Un monaco del santuario della Vergine Pammakaristos, Gennadio Scolario: “La sciagure abbattutesi sulla nostra capitale provenivano manifestamente da Dio e dalla giustizia celeste. La potenza, l’arte e la tecnica di guerra dei nemici, che si abbatterono su di noi e che ci distrussero, non ebbero la loro forza da altri che da Dio… ”.

Giorgio di Trebisonda nientemeno scrive allo stesso Mehmed II per proporgli di unificare la religione cattolica e quella musulmana, e “nessuno meglio di te, mirabile emiro, può portare a termine un’impresa di tal genere”. Non succede quasi niente.

Persino il Senato veneziano si rivolge al Papa, “noi ricorriamo a vostra Santità come al pastore sommo del gregge di Dio, supplicandovi con la nostra solita devozione filiale che vi degniate di provvedere a un tal male con tutti i mezzi e con tutte le preghiere che parranno opportune alla vostra saggezza”.

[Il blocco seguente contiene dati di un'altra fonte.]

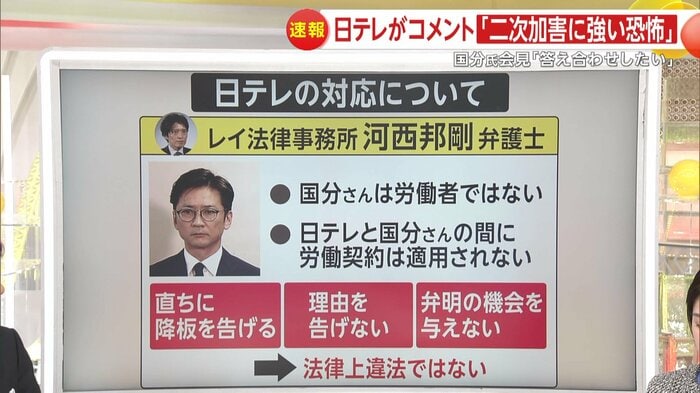 芸能界の労働問題などに詳しいレイ法律事務所の河西邦剛弁護士によると、国分氏は労働者ではないので日本テレビと国分さんの間に労働契約は適用されない。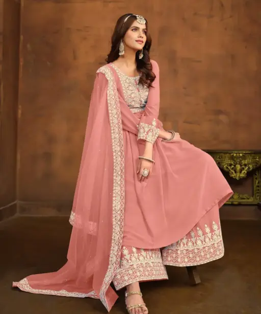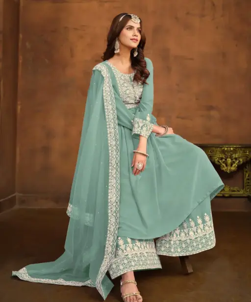 Faux Georgette With White Embroidery Wedding Wear Ethnic Salwar Suit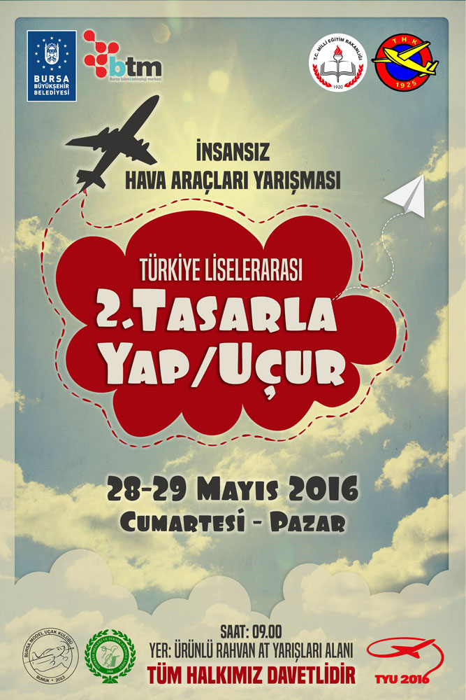 Bursa Büyükşehir Belediyesi’nin vizyon projelerinden biri olan Bursa Bilim ve Teknoloji Merkezi uçuş meraklılarının gözdesi olan insansız hava araçlarını 28-29 Mayıs’ta Ürünlü’de yarıştırıyor. BTM ile Tophane Endüstri Meslek Lisesi’nin ev sahipliğinde, Bursa Model Uçak Kulübü’nün katkılarıyla gerçekleştirilen ‘2. Türkiye Liselerarası İnsansız Hava Araçları Yarışması’, 28-29 Mayıs tarihlerinde Ürünlü’de yapılacak.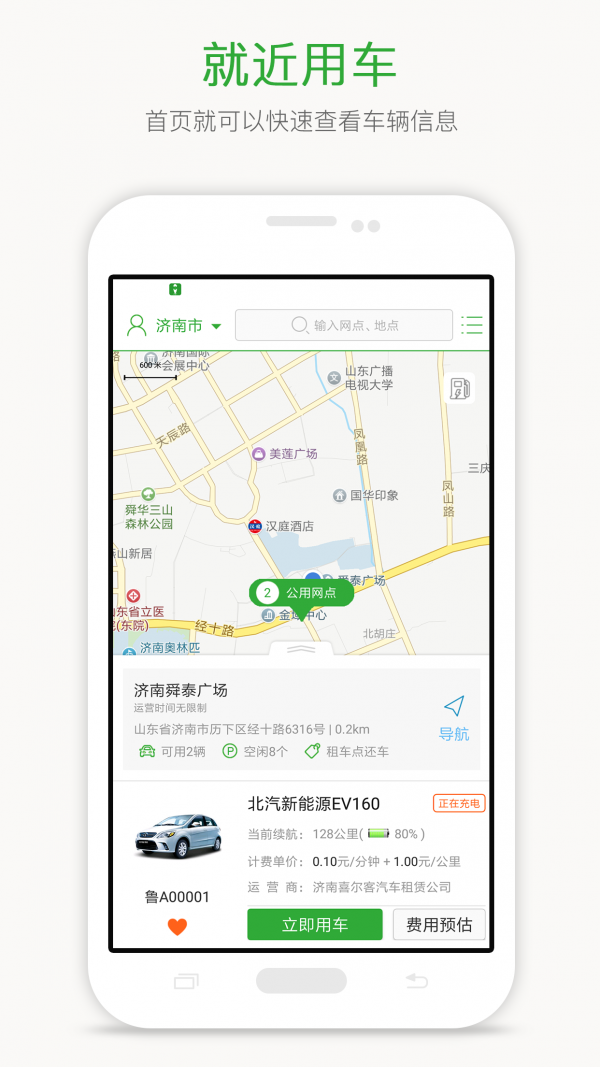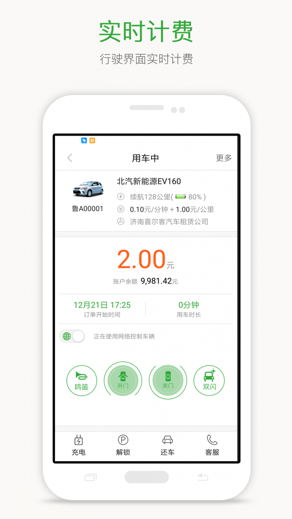 您可以随时随地通过手机搜索附近网点的车辆,取车、用车、还车,自助完成订单,按分钟计费,计价更合理。绿色出行,一触即发。
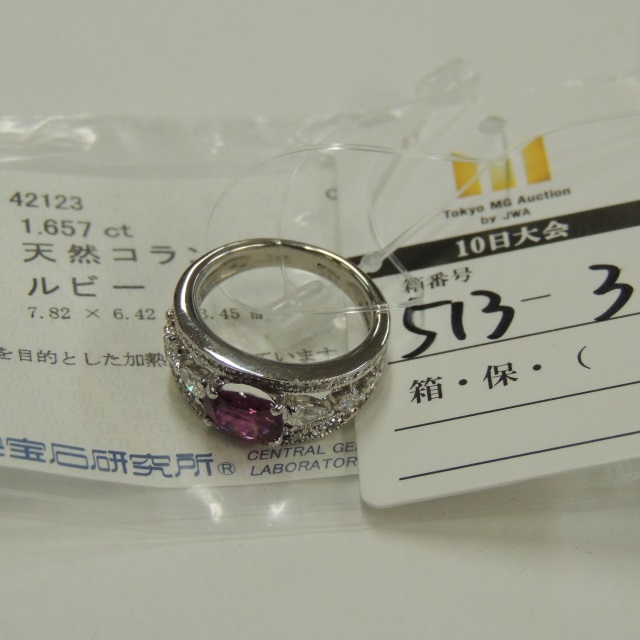 リング ルビー Pt900 10.50g 中ソ 石目:R1.657 0.6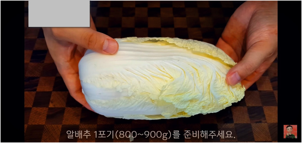 배추겉절이를 만들기 위한 첫 번째 단계는 싱싱한 알배추 한 포기(800~900g)를 준비하는 것입니다.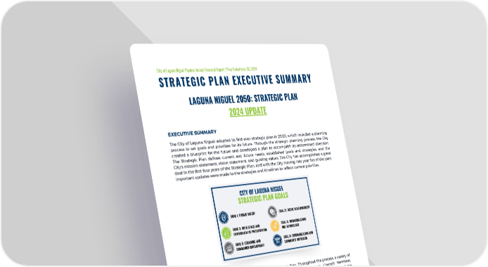 City of Laguna Niguel Popular Annual Financial Report | Year Ended June 30, 2024 STRATEGIC PLAN EXECUTIVE SUMMARY LAGUNA NIGUEL 2050: STRATEGIC PLAN 2024 UPDATE EXECUTIVE SUMMARY The City of Laguna Niguel adopted its first-ever strategic plan in 2020, which included a planning process to set goals and priorities for its future. Through the strategic planning process, the City created a blueprint for the future and developed a plan to accomplish its determined direction. The Strategic Plan defines current and future needs, established goals and strategies, and the City's mission statement, vision statement, and guiding values. The City has accomplished a great deal in the first four years of the Strategic Plan, and with the City moving into year five of the plan, important updates were made to the strategies and timelines to reflect current priorities. CITY OF LAGUNA NIGUEL STRATEGIC PLAN GOALS GOAL 1: PUBLIC SAFETY GOAL 2: FISCAL SUSTAINABILITY GOAL 3: OPEN SPACE AND GOAL 4: INFRASTRUCTURE ENVIRONMENTAL PRESERVATION AND TECHNOLOGY GOAL 5: ECONOMIC AND GOAL 6: COMMUNICATION AND COMMUNITY DEVELOPMENT COMMUNITY OUTREACH A collaborative process was used to update the Strategic Plan. Throughout the process, a variety of stakeholders were involved, including City residents, business owners, Council Members, commissioners, committee members, department heads, and staff. The process included the preparation of an environmental scan, a strategic plan survey, and a workshop to discuss the City's goals for the future. The City's continued success in implementing the identified priorities outlined in the Strategic Plan has furthered the achievement of the goals established by the City Council. This 2024 Strategic Plan Update reflects new and modified strategies and timelines to ensure those goals are achieved. The 2024 Laguna Niguel Strategic Plan contains the following elements: Organizational mission, vision, and values. Six goals Strategies for each goal Implementation action plan cityoflagunaniguel.org 07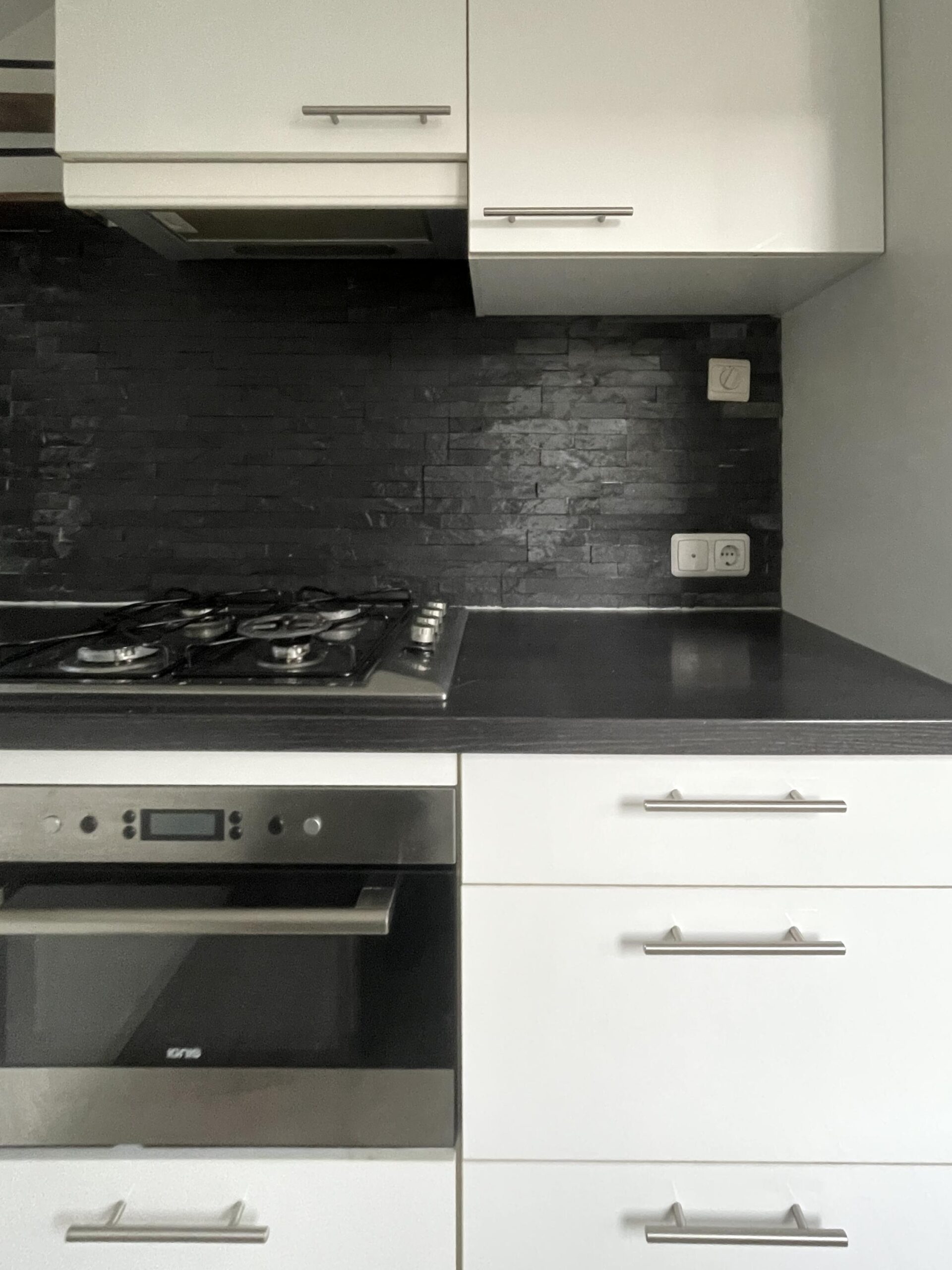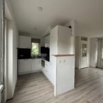 De doorzonwoonkamer van circa 21 m² is voorzien van een half open keuken en biedt toegang tot de achtertuin. De keuken is uitgerust met een vaatwasser, koel/vriescombinatie, een 4-pits gasfornuis en een combi-oven.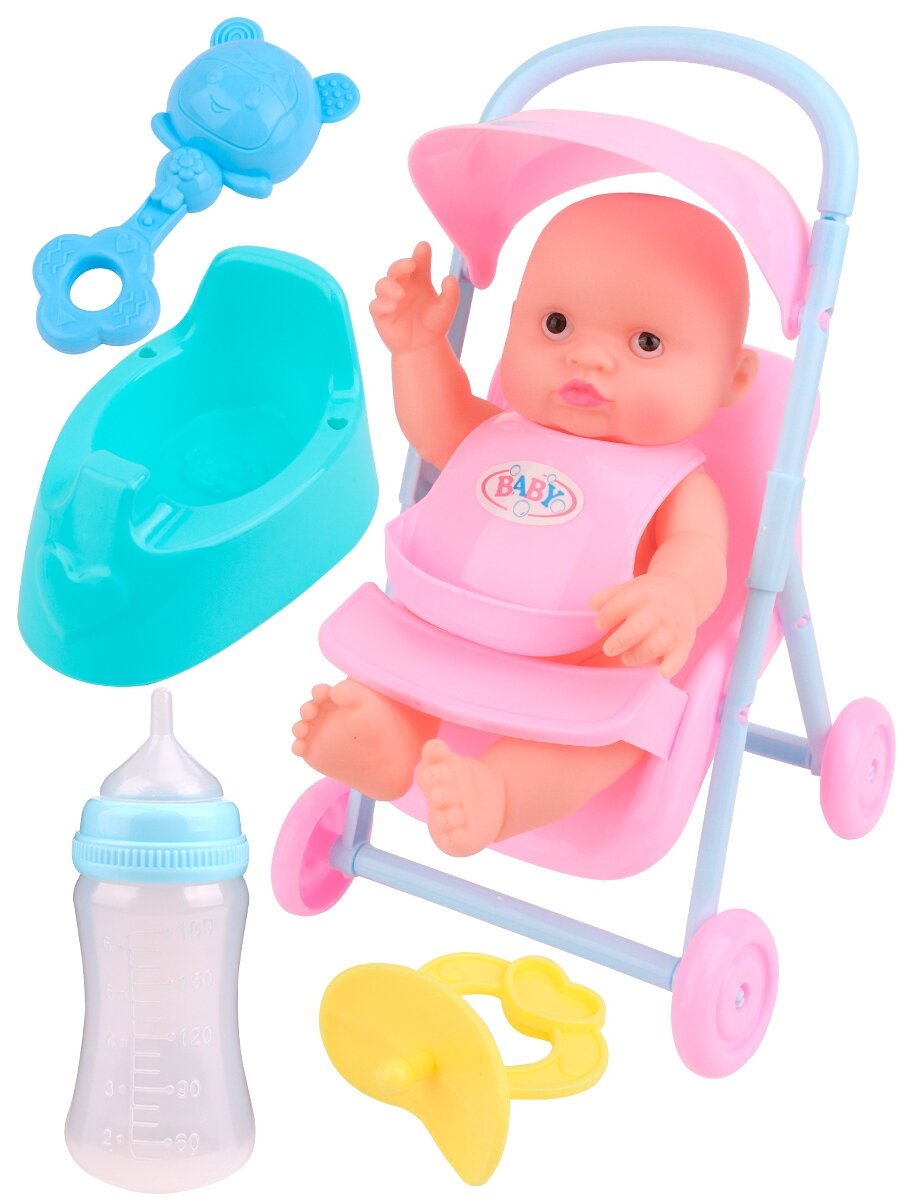 | Комплектация | бутылочка, горшок, коляска, пустышка |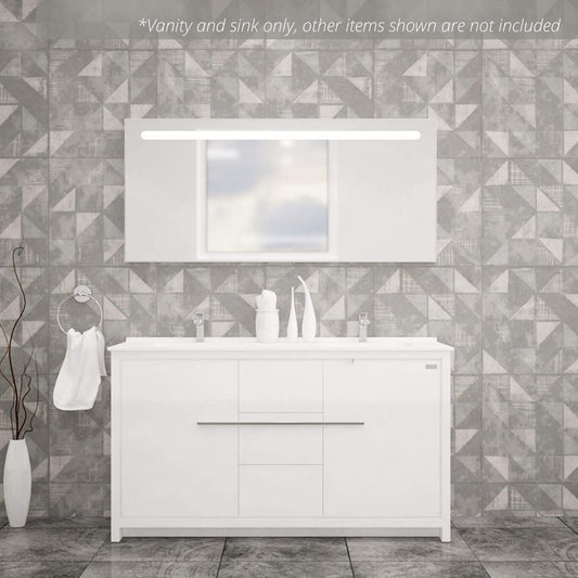 Casa Mare Alessio 60" Glossy White Bathroom Vanity and Acrylic Double Sink Combo

Tutti quelli che non avevano fatto, ora sembrano smaniare per fare. Vengono composte opera, canti, suppliche, pianti e monodie. Si lamenta Abraham di Ankara, poeta armeno, forse un monaco, “pieno di peccati ho composto questo lamento con grande dolore”. E dice, appunto, questo lamento dedicato alla città appena conquistata: “Ti hanno reso obbrobrio dei vicini e sei divenuta oggetto di derisione per chi ti sta intorno. I tuoi giovani li divorò il fuoco e nessuno prese il lutto per le tue vergini, i tuoi sacerdoti caddero di spada, nessuno pianse le tue vedove”.

Di qua il lamento, di là il canto di gioia. “Gli amici del sultano ottomano ne esultarono e ne furono felici, i nemici della fede e dello stato ne rimasero stupefatti e schiacciati”, scrive Tâdji Beg-zâde Ga’fer Celebi. Non succederà quasi nulla. Mehmet non arriverà a Roma, come qualcuno paventava, ma gli ottomani da Istanbul non andranno più via, Costantinopoli sarà sepolta per sempre.

Comincerà anche la leggenda nera di Bisanzio, come quella raccontata nell’Ottocento nella “History of European Morals” di W.E.H. Lecky, “i suoi vizi erano i vizi di uomini che avevano cessato di essere eroici senza avere imparato a essere virtuosi… la storia dell’impero è un racconto monotono di intrighi di preti, eunuchi e donne, di avvelenamenti, di cospirazioni, di continua ingratitudine e di perenni fraticidi”. Alla faccia del racconto monotono.

Fondato lunedì 11 maggio 330 da Costantino il Grande, l’impero romano d’Oriente finì martedì 29 maggio 1453, sotto Costantino XI: da allora nel mondo greco martedì è giorno infausto. E’ durato 1123 anni e diciotto giorni: un tempo immenso. Ecco, questa è la storia dell’ultimo giorno di Costantinopoli, di martedì 29 maggio 1453, di ciò che videro quelli che c’erano, quelli che poi piansero e quelli che gioirono.

Sulla cupola di Santa Sofia, ora moschea, sale Mehmet II, si guarda ammirato intorno e recita antichi versi persiani: “Il ragno assolve alla funzione di portinaio nel palazzo di Cosroe… ”. Sotto, Costantinopoli e il suo ultimo imperatore sono ora pietra che arde.